Gemeinsam mit dem alten Ehepaar Fred und Bessie bilden Zoë, Onkel Henry und Herr Kommkomm schon bald eine recht ungewöhnliche Art von Patchworkfamilie, die sich in ihrem Zusammensein viel zu geben haben. Besonders beeindruckend ist die reine Lebensfreude, die die alte und todkranke Bessie verströmt und die mit ihrer herzlichen und liebevollen Art den anderen immer wieder zeigt, wie wichtig es ist, dass Leben in vollen Zügen zu genießen und auf sein Herz zu hören!

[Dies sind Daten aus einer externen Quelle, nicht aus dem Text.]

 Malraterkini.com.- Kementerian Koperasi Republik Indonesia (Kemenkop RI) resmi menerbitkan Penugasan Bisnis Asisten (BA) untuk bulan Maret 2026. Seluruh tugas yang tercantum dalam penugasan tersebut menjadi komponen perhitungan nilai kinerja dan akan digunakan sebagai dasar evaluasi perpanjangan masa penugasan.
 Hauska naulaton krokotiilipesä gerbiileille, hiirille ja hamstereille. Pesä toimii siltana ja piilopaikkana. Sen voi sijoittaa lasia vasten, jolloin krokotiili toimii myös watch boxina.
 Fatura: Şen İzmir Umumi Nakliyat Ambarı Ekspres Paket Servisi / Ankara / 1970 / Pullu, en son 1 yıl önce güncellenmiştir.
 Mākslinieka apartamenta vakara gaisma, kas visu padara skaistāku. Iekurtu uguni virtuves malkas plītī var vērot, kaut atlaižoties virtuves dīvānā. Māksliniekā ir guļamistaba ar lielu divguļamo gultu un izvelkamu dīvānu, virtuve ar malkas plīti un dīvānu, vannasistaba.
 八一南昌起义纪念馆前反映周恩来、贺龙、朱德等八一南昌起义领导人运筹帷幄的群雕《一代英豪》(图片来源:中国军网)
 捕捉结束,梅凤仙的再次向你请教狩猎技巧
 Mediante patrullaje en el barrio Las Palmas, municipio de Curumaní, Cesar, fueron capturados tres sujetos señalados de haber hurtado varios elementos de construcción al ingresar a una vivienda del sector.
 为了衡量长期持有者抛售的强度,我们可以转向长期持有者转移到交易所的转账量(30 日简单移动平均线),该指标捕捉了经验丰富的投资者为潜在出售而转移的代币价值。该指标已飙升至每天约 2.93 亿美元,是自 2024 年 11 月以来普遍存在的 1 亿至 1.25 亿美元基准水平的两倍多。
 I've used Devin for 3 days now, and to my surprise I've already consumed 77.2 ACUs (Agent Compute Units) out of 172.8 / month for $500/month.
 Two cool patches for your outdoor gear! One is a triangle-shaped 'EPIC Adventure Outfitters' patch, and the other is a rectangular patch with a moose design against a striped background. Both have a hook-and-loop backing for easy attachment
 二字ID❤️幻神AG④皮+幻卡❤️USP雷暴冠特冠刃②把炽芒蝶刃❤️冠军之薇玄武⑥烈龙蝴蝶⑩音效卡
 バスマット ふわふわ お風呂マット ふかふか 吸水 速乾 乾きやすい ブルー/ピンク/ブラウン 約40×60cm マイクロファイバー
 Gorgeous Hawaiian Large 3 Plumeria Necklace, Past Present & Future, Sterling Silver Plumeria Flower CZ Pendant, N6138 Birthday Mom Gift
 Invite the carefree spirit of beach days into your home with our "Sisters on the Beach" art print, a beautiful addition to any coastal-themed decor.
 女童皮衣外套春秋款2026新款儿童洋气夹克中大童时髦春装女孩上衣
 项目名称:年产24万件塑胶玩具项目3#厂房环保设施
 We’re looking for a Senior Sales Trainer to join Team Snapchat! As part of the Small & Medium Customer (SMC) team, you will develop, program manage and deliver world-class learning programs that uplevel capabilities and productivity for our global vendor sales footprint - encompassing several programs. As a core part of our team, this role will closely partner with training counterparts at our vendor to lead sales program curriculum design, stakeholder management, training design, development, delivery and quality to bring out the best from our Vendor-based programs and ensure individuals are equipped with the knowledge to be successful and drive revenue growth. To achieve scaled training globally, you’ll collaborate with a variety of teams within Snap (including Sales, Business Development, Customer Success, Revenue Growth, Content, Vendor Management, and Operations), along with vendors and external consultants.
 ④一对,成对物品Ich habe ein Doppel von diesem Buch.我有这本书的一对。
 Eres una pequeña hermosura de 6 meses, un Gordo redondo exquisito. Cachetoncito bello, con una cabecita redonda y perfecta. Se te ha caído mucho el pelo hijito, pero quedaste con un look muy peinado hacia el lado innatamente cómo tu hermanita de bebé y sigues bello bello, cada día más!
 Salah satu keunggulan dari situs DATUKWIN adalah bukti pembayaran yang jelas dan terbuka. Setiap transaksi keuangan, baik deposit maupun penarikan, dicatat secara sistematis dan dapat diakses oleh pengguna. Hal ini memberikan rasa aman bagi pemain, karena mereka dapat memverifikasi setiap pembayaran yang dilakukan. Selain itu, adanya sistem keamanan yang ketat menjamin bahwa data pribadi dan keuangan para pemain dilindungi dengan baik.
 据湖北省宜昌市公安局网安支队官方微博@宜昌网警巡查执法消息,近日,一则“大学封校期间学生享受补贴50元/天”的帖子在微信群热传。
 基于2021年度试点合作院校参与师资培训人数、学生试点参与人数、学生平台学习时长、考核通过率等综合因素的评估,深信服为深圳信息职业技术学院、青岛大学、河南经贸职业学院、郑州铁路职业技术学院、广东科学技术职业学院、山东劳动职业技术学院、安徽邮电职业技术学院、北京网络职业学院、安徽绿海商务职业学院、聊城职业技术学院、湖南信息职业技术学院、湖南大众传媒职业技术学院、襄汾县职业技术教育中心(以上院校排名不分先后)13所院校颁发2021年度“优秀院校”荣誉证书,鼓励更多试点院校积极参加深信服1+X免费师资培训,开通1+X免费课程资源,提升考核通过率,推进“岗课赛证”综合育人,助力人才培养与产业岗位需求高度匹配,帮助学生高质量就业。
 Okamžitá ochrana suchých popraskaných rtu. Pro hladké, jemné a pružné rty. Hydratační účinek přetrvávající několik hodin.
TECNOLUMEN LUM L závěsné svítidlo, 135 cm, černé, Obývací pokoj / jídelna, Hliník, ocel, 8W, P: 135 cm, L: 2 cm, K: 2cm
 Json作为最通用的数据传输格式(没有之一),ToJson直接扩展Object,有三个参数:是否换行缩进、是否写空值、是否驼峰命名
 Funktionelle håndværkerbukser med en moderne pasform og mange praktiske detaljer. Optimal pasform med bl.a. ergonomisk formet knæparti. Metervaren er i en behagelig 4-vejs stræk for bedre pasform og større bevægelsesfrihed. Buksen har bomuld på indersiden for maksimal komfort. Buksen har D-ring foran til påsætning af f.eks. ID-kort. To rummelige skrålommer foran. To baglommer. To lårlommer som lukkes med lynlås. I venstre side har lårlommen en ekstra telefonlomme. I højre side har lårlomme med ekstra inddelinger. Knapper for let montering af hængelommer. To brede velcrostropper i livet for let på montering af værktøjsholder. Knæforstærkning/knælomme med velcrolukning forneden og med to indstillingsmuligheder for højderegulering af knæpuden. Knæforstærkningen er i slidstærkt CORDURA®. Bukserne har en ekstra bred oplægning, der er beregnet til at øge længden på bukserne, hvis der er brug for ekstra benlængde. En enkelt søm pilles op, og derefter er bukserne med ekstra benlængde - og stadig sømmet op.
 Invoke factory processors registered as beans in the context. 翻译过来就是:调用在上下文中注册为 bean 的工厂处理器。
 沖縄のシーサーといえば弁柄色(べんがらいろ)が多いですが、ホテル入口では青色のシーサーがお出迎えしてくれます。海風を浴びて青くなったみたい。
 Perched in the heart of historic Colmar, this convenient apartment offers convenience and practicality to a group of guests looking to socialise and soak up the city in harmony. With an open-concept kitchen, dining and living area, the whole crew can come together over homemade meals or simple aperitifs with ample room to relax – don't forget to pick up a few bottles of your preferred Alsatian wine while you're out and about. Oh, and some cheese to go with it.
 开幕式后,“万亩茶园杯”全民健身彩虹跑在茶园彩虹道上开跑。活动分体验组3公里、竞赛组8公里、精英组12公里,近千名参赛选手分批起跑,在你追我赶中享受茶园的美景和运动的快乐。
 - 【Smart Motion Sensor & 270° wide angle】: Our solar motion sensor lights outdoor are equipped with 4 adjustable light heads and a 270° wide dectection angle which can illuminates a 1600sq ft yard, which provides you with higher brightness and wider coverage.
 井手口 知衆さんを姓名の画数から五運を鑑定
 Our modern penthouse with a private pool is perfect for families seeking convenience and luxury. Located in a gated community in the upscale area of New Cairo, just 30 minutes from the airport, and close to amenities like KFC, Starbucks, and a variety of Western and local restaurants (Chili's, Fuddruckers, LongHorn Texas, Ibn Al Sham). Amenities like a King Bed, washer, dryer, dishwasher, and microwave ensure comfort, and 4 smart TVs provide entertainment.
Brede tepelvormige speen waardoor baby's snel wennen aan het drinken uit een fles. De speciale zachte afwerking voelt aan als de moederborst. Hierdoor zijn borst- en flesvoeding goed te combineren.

In den Episoden, die sich zwischen Zoë und Kater Kommkomm abspielen, spiegelt sich Zoës eigenes Leben wider: genau wie Streuner Kommkomm nach und nach lernt Vertrauen zu gewinnen, lernt auch Zoë das mit der Zeit im Zusammenleben mit ihrem Onkel Henry und ihren neuen Freunden. Neben den Charakteren, die Zoës neue Familie bilden spielen auch Figuren aus ihrer Vergangenheit im Laufe des Romans eine Rolle. Diese reflektieren teils Zoës altes Leben, teils widerlegen sie gebildete Vorurteile ihnen gegenüber, so grenzen sich Zoë und ihre Freunde noch weiter von den anderen Personen in dieser Geschichte ab, die in ihrer Ignoranz gegenüber “Anderssein” und Individualität zwar teilweise eindimensional wirken, aber gerade das verstärkt den Unterschied zu den von vorneherein weltoffenen oder den sich während der Geschichte wandelnden Charakteren. So ergibt sich in Summe eine herzerwärmende und facettenreiche Erzählung über Liebe, Freundschaft und Vertrauen, aber auch über Respekt und der Widerlegung von Vorurteilen.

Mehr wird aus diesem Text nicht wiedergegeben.